Hoe komt een bakker uit een Fries dorp plotseling in de grote politiek terecht en waarom wordt hij daarna van de ene dag op de andere weer bakker? Ale Ales Bakker (1745 – 1807), bakker uit Minnertsga, klimt in de beginjaren van de Bataafse Republiek op tot belangrijke functies in de plaatselijke, provinciale en landelijke politiek. Even plotseling als hij van bakker politicus wordt, wordt hij van politicus weer bakker.

In de Bataafse Republiek kunnen, voor het eerst in de Nederlandse geschiedenis,  ‘homines novi’ (nieuwe mannen) politiek carrière maken. Hoe dit hun leven volkomen verandert, beheerst en (vaak) frustreert, wordt geïllustreerd aan het levensverhaal van Ale Bakker.

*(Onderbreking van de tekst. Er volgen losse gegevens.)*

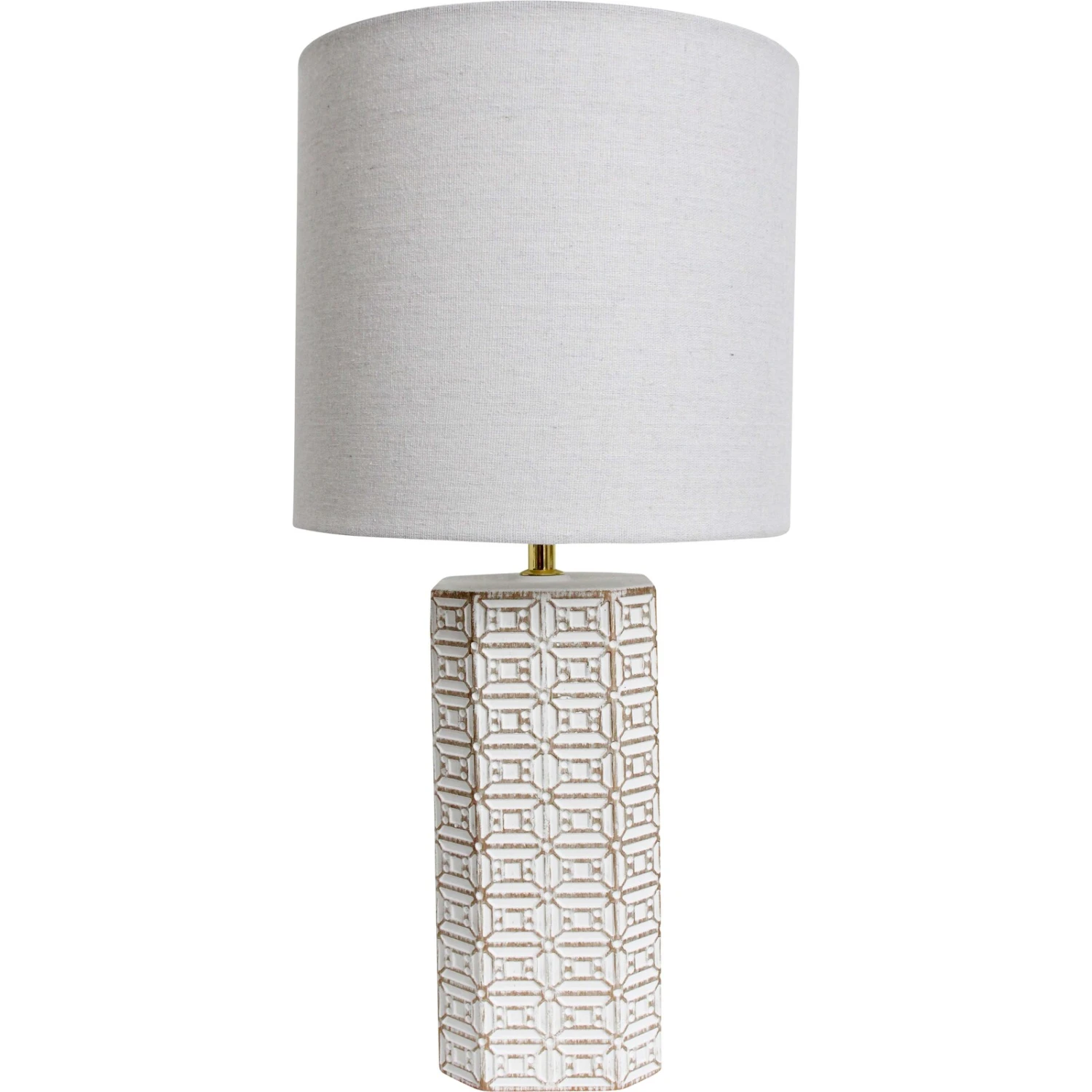 Elevate your store’s home decor collection with the Lamp Alegro, a tasteful blend of utility and style. This lamp features a chic ceramic base with a geometric pattern, paired with a classic linen shade, measuring 26x26x53cm. Its neutral colour palette and premium materials make it an elegant choice for customers looking to add a touch of sophistication to any room.

Links rood omlijnd het pand waar Ale Ales Bakker zijn bakkerij had. Tot eind 2019 was het nog steeds een bakkerij. (foto omstreeks 1900)

Ale wordt in de nacht van 18 op 19 maart 1745 geboren in Minnertsga in de grietenij Barradeel als jongste zoon van Ale Jelles Bakker en Saakje Wouters. Hij wordt op 27 april 1745 gedoopt in de  Nederduits Gereformeerde kerk. Vader Ale is bakker aan de Tsjillen in Minnertsga. De bakkerij is geen eigen bezit maar van de plaatselijke diaconie. Het gezin wordt omschreven als ‘weinig gegoed’. Zoon Ale volgt zijn vader op als bakker. Als hij twintig jaar is, trouwt hij op 9 februari 1766 in Minnertsga met de boerendochter Trijntje Jans, afkomstig uit Wijnaldum. Hun huwelijk blijft kinderloos.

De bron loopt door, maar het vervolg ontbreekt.